Commentary by Robert J. Ignoffo

This phase 3 clinical trial of tucatinib showed improved PFS and overall survival in all subgroups of patients with heavily pretreated, HER2-positive breast cancer, including those with untreated and previously treated brain metastases, which is a population typically excluded from clinical trials. Patients with and without brain metastases showed benefit. Almost 50% of the more than 600 patients in this study had brain metastases; at 2 years, these patients had 4.5-month longer survival than those who received placebo.
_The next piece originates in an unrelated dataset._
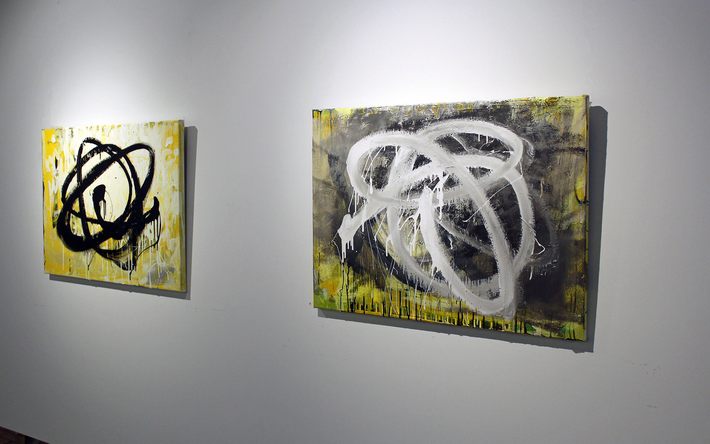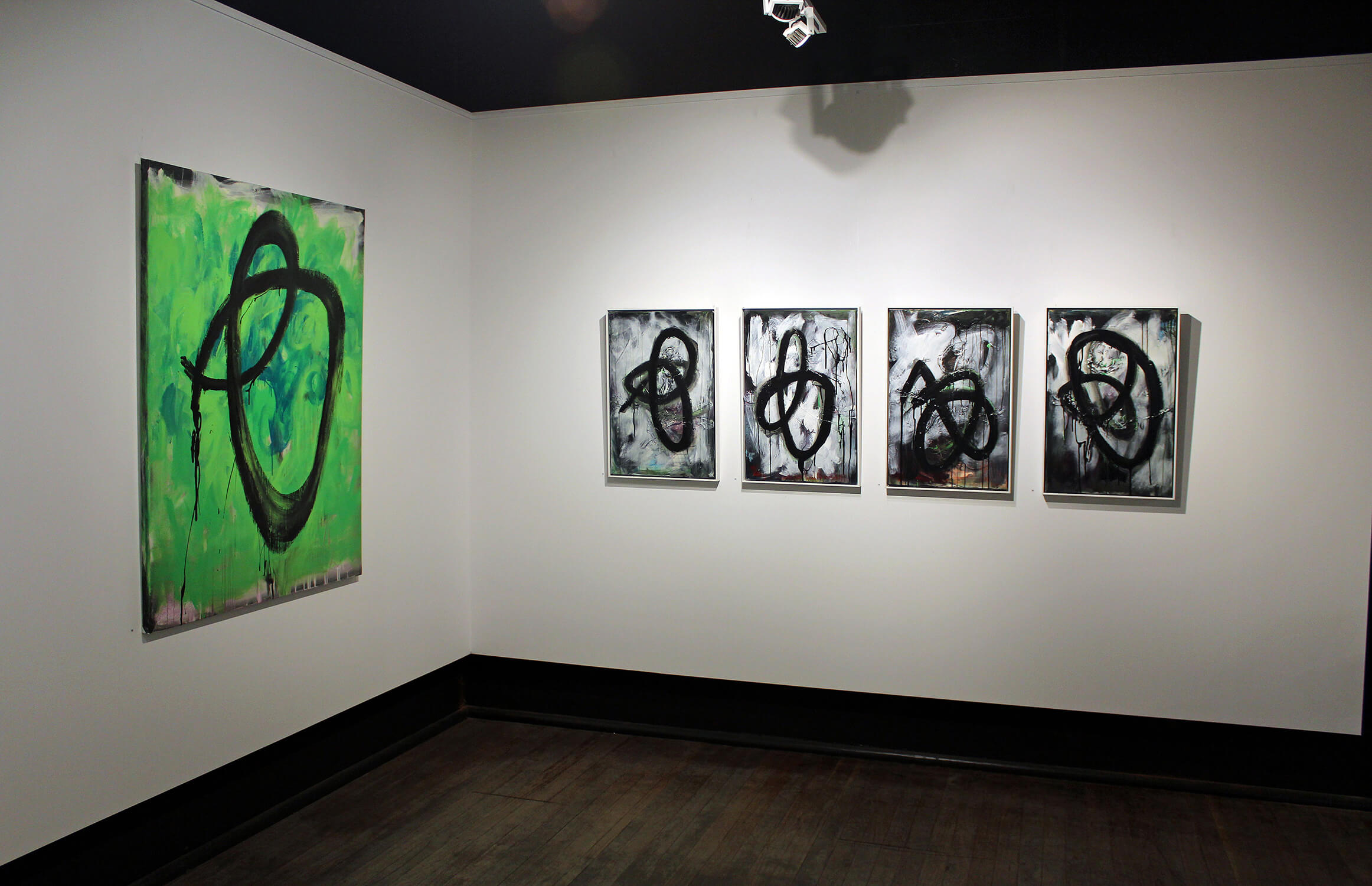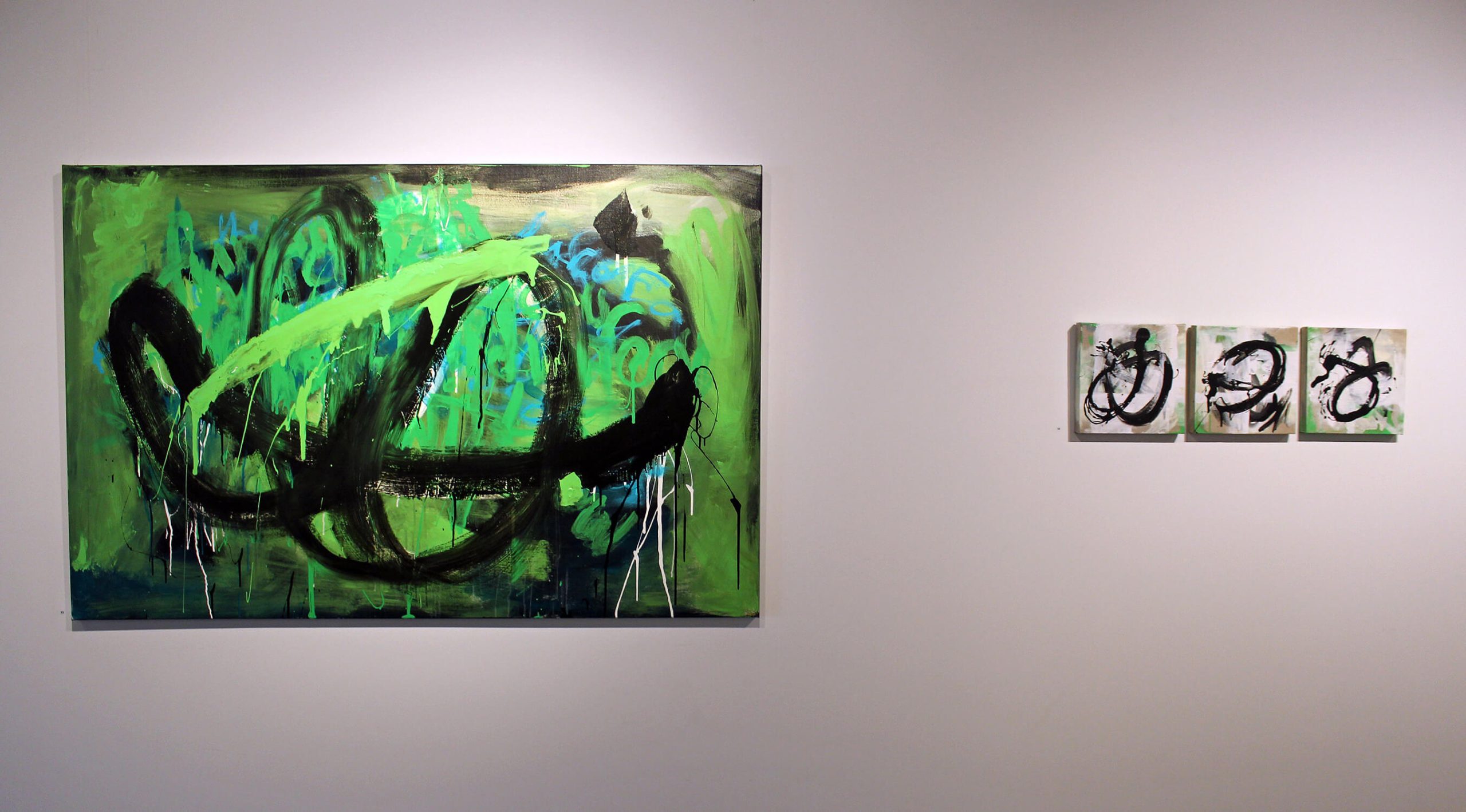 QWERTY installation 6iii – Noticing & Feeling, (each) Acrylic, pigment on linen, 100x70cm

At 12 months, the proportion of disease-free patients was more than 2.5 times that in the placebo group (33.1% vs 12%, respectively), and the overall survival rate was 34% better in the tucatinib group than in the placebo group.

In a review of real-world data (nonrandomized from 5 institutions in China), trastuzumab plus lapatinib and capecitabine, given as second-line therapy, resulted in a PFS of 11.4 months.1 These results were comparable with the current study showing improvement of 7.8 months in all patients and 7.6 months improvement for those with brain metastases. In the real-world study, the PFS for those with brain metastases was 10.6 months.1

The results from both studies suggest that triple therapy (with a tyrosine kinase inhibitor plus trastuzumab and capecitabine) is effective in patients with heavily treated, metastatic HER2 positive breast cancer. The National Comprehensive Cancer Network (NCCN) has not evaluated the use of tucatinib therapy in its latest treatment recommendation update, but based on the current phase 3 clinical trial, the use of tucatinib as part of a triple therapy for this patient population should be classified as an “other recommended regimen” in the NCCN guidelines.

1. Li Y, Gong C, Lu Q, et al. Real-world data of triplet combination of trastuzumab, lapatinib, and chemotherapy in HER2-positive metastatic breast cancer: a multicenter retrospective study. Front Oncol. 2020;10:271.